To us who frequent it the lounge of the Piccadilly Palace is what Monte Carlo is to Europe’s new rich, our pride, our Mecca and our rendezvous. The vastness of its gilt and synthetic-marble interior, the multitude of its chairs and little tables, the agility of its bustling waitresses who are always far too busy running the liquid errands of one’s immediate neighbours to be able to attend to the thirst of oneself, the hum and buzz and heat and smoke of its almost palpable atmosphere—on all these we look round with sober pride and reflect that now at last we are seeing life. Here we sit and sip our so-called Martini, till our thoughts turn longingly upon sole and whitebait, and poulet roti, salade; and we join the queue (by now stretching halfway across the lounge) at the entrance to the three-and-sixpenny table d’hote dining-room. A devil of a fellow.
But that is not the only function of the Piccadilly Palace lounge—to exhilarate the simple pleasure seeker. Its real importance as a social phenomenon is the way in which it brings together, in surprising contact, the most diverse representatives of every class or calling with an income of between, roughly, a hundred and fifty and a thousand pounds a year.

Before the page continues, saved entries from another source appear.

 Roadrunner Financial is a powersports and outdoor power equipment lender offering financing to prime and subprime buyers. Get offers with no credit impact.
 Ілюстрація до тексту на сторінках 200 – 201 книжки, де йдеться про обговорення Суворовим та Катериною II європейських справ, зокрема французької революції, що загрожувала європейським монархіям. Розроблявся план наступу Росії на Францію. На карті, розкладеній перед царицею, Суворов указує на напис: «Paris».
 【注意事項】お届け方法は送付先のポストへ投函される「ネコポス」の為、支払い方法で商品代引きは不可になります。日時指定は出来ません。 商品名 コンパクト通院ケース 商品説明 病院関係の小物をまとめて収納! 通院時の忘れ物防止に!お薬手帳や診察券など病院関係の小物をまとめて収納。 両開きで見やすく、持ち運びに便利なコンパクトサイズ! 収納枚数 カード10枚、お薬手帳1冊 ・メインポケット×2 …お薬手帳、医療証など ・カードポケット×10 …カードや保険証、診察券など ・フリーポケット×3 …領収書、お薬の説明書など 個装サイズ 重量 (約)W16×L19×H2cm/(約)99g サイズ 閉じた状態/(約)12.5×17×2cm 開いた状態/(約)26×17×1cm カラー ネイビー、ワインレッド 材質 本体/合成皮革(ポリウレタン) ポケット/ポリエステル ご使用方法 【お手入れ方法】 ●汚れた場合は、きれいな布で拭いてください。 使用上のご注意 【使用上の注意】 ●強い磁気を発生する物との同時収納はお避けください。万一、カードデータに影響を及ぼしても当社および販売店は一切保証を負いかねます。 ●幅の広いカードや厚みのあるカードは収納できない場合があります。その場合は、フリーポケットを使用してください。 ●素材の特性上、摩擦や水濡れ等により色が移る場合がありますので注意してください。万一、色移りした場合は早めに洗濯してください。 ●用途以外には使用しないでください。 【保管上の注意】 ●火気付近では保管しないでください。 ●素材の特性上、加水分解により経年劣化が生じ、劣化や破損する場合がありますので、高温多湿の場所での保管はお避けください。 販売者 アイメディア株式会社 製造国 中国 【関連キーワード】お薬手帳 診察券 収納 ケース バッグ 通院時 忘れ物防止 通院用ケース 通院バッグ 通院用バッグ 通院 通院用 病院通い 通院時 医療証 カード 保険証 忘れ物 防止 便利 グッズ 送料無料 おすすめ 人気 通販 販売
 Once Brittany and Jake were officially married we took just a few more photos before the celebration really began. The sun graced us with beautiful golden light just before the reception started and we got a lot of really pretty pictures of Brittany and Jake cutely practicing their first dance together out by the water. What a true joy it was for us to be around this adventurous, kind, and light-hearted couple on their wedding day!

To those who have eyes to see, the kaleidoscopic juxtapositions to be found only on this unique spot are a continual delight. Here a couple of public-school boys, out for a cheap dinner and show and sipping their mixed vermouths with conscious man-of-the-worldliness, are rubbing quite unwitting shoulders with a pair of vermilion-lipped ladies of the night (or, pace the shrinking censor, as it is not yet night, of the pavements), who have dropped in to restore themselves with a short drink and a rest; at the next table one of that peculiarly detestable brand of young rounder which seems to be attracted to the Piccadilly Palace lounge like flies to sugar, smarmed and stinking of cheap scent, is backing his chair into that of the highly respectable widow of a retired butcher from Peckham; over there a chorus girl, with the matinee paint scarcely removed from her cheeks, is cocking an impudently amused eye at the glass of lemonade in front of her neighbour (though an empty chair prudently separates them), the white-haired and rather wondering vicar of an obviously country parish. As a benefit performance for those interested in social niceties, a hundred such unconscious little comedies are enacted daily between the hours of five o’clock and half-past seven.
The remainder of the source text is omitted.